■ DESCRIPTION OF THE TASK
Could the data below be retyped exactly, without its pictures?
GIVEN DATA Start Marker
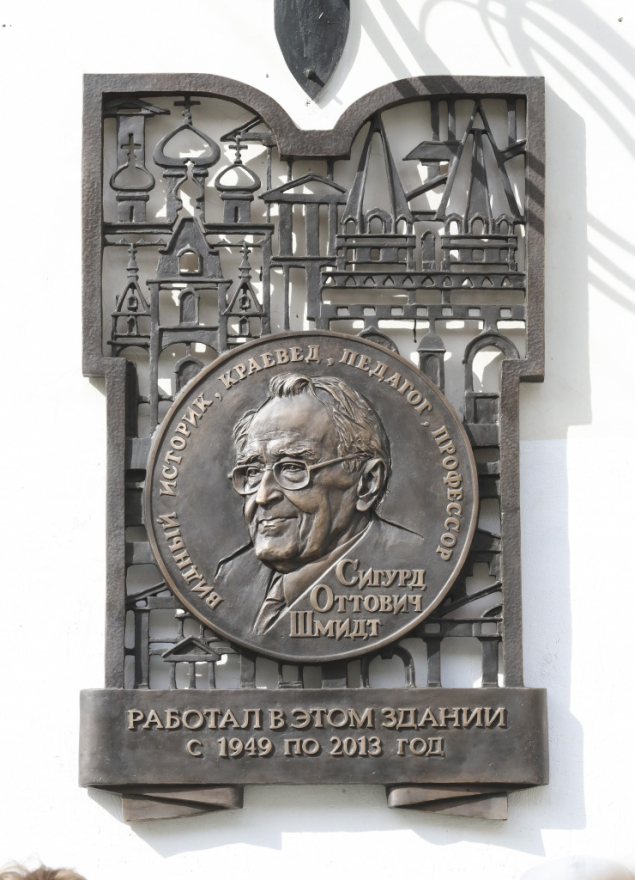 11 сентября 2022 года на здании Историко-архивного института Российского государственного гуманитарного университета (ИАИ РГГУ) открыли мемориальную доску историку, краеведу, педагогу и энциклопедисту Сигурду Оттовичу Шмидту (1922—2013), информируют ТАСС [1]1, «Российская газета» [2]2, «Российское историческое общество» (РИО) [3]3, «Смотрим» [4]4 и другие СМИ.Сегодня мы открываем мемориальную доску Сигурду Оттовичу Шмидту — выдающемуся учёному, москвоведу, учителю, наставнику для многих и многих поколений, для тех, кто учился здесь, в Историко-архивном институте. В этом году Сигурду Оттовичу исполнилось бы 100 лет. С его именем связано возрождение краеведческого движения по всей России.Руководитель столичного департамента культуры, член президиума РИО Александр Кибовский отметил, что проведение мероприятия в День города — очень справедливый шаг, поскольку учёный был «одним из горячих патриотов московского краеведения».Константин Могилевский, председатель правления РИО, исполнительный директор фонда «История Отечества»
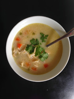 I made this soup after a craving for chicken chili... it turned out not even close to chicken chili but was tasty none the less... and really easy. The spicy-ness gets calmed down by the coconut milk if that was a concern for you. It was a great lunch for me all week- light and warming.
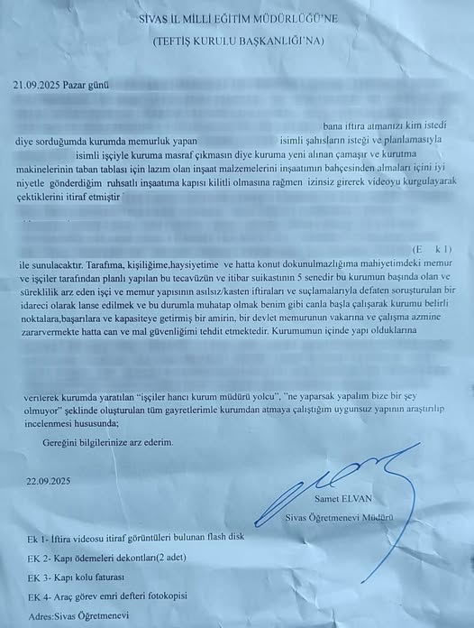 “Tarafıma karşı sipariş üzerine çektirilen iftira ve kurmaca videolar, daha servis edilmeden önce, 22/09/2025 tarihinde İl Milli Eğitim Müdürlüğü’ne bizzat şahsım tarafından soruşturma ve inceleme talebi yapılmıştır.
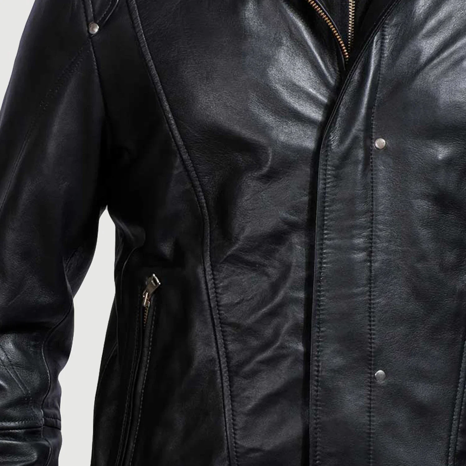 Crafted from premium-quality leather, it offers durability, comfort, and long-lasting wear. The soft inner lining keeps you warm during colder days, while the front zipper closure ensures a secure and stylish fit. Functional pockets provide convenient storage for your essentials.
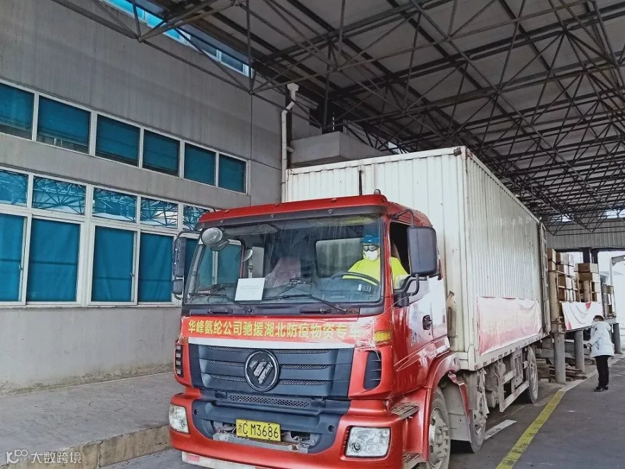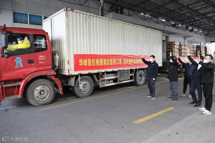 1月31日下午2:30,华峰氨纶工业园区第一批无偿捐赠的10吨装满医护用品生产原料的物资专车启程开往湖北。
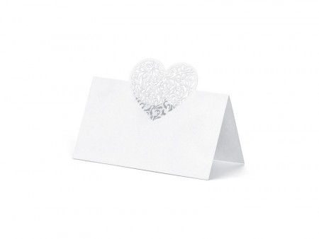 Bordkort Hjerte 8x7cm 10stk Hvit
GIVEN DATA End Marker
■ EXERCISE OUTPUT
 11 сентября 2022 года на здании Историко-архивного института Российского государственного гуманитарного университета (ИАИ РГГУ) открыли мемориальную доску историку, краеведу, педагогу и энциклопедисту Сигурду Оттовичу Шмидту (1922—2013), информируют ТАСС [1]1, «Российская газета» [2]2, «Российское историческое общество» (РИО) [3]3, «Смотрим» [4]4 и другие СМИ.Сегодня мы открываем мемориальную доску Сигурду Оттовичу Шмидту — выдающемуся учёному, москвоведу, учителю, наставнику для многих и многих поколений, для тех, кто учился здесь, в Историко-архивном институте. В этом году Сигурду Оттовичу исполнилось бы 100 лет. С его именем связано возрождение краеведческого движения по всей России.Руководитель столичного департамента культуры, член президиума РИО Александр Кибовский отметил, что проведение мероприятия в День города — очень справедливый шаг, поскольку учёный был «одним из горячих патриотов московского краеведения».Константин Могилевский, председатель правления РИО, исполнительный директор фонда «История Отечества»
 I made this soup after a craving for chicken chili... it turned out not even close to chicken chili but was tasty none the less... and really easy. The spicy-ness gets calmed down by the coconut milk if that was a concern for you. It was a great lunch for me all week- light and warming.
 “Tarafıma karşı sipariş üzerine çektirilen iftira ve kurmaca videolar, daha servis edilmeden önce, 22/09/2025 tarihinde İl Milli Eğitim Müdürlüğü’ne bizzat şahsım tarafından soruşturma ve inceleme talebi yapılmıştır.
 Crafted from premium-quality leather, it offers durability, comfort, and long-lasting wear. The soft inner lining keeps you warm during colder days, while the front zipper closure ensures a secure and stylish fit. Functional pockets provide convenient storage for your essentials.
 1月31日下午2:30,华峰氨纶工业园区第一批无偿捐赠的10吨装满医护用品生产原料的物资专车启程开往湖北。
 Bordkort Hjerte 8x7cm 10stk Hvit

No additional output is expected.